**GIVEN DATA**
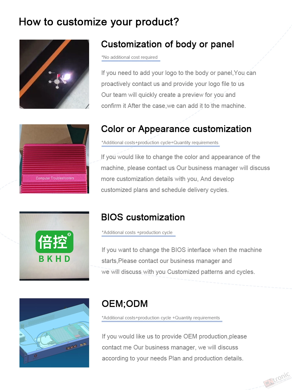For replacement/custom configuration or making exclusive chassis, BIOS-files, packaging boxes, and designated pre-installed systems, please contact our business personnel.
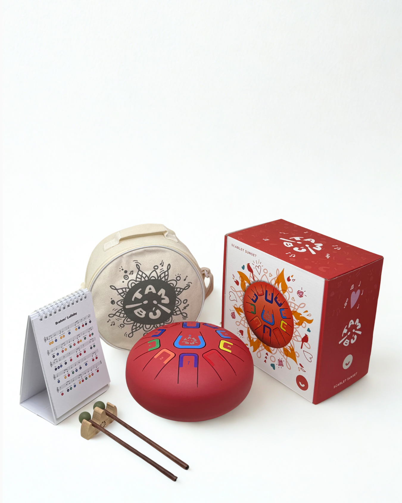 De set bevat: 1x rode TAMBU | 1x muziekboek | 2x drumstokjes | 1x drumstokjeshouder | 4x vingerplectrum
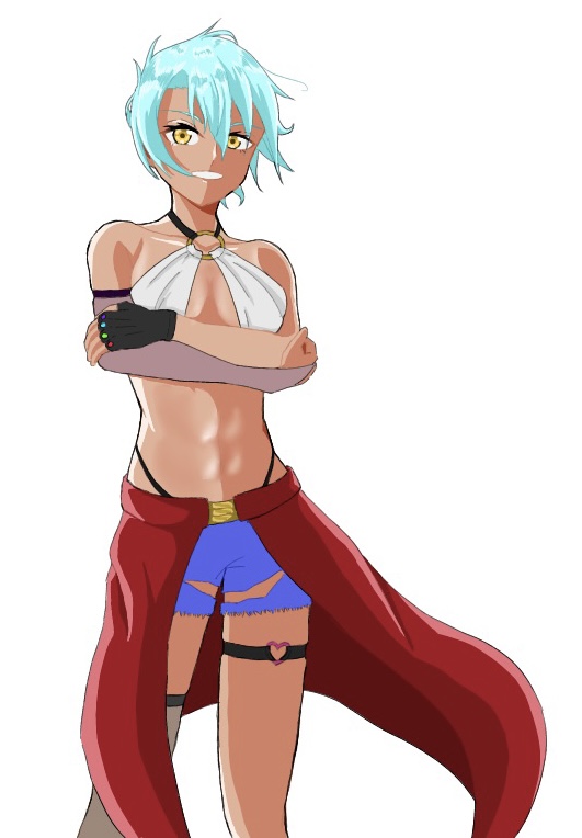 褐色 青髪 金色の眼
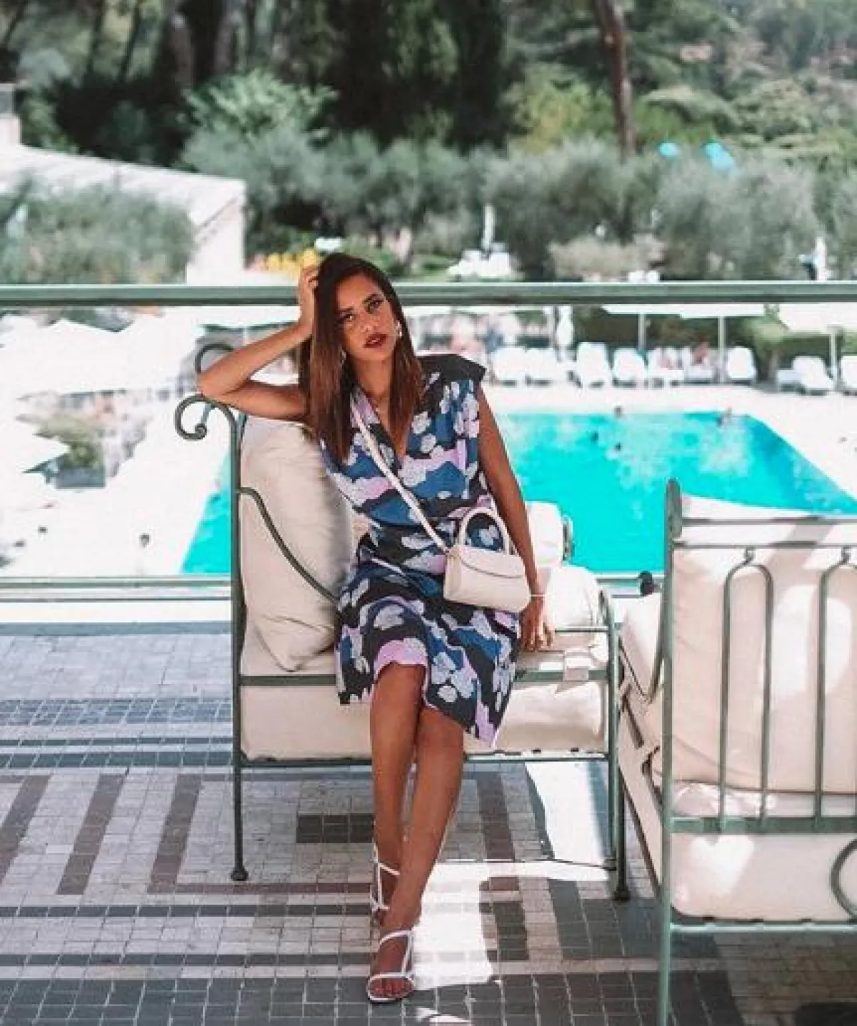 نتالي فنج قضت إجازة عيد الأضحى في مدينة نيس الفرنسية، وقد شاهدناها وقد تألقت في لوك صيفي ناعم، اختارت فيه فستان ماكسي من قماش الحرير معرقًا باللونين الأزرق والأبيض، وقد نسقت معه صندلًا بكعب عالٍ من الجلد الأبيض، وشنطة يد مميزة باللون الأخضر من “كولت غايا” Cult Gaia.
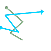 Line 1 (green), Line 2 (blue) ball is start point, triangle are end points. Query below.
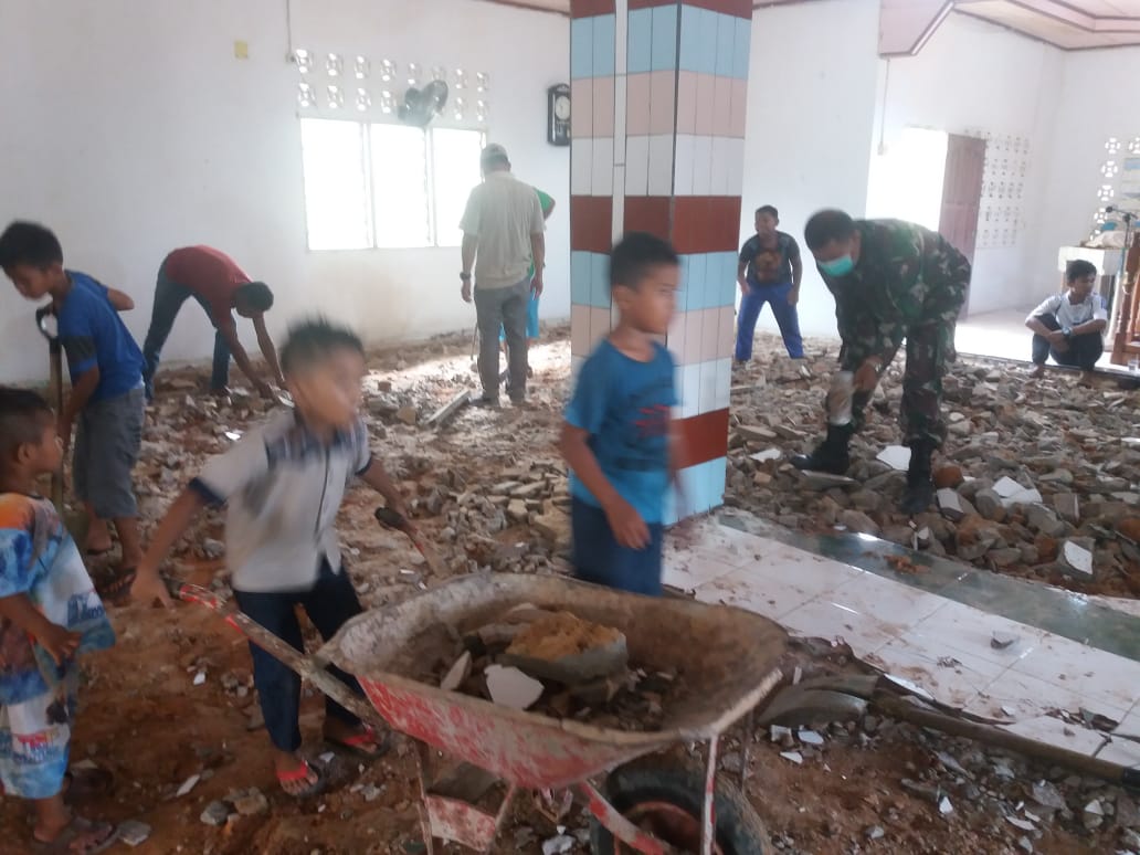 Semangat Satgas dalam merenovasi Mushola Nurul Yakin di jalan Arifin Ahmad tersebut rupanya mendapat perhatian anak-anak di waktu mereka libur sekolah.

**EXERCISE INSTRUCTIONS**
Pictures are not part of the copy; reproduce everything else in the records exactly.

**EXERCISE RESPONSE**
For replacement/custom configuration or making exclusive chassis, BIOS-files, packaging boxes, and designated pre-installed systems, please contact our business personnel.
 De set bevat: 1x rode TAMBU | 1x muziekboek | 2x drumstokjes | 1x drumstokjeshouder | 4x vingerplectrum
 褐色 青髪 金色の眼
 نتالي فنج قضت إجازة عيد الأضحى في مدينة نيس الفرنسية، وقد شاهدناها وقد تألقت في لوك صيفي ناعم، اختارت فيه فستان ماكسي من قماش الحرير معرقًا باللونين الأزرق والأبيض، وقد نسقت معه صندلًا بكعب عالٍ من الجلد الأبيض، وشنطة يد مميزة باللون الأخضر من “كولت غايا” Cult Gaia.
 Line 1 (green), Line 2 (blue) ball is start point, triangle are end points. Query below.
 Semangat Satgas dalam merenovasi Mushola Nurul Yakin di jalan Arifin Ahmad tersebut rupanya mendapat perhatian anak-anak di waktu mereka libur sekolah.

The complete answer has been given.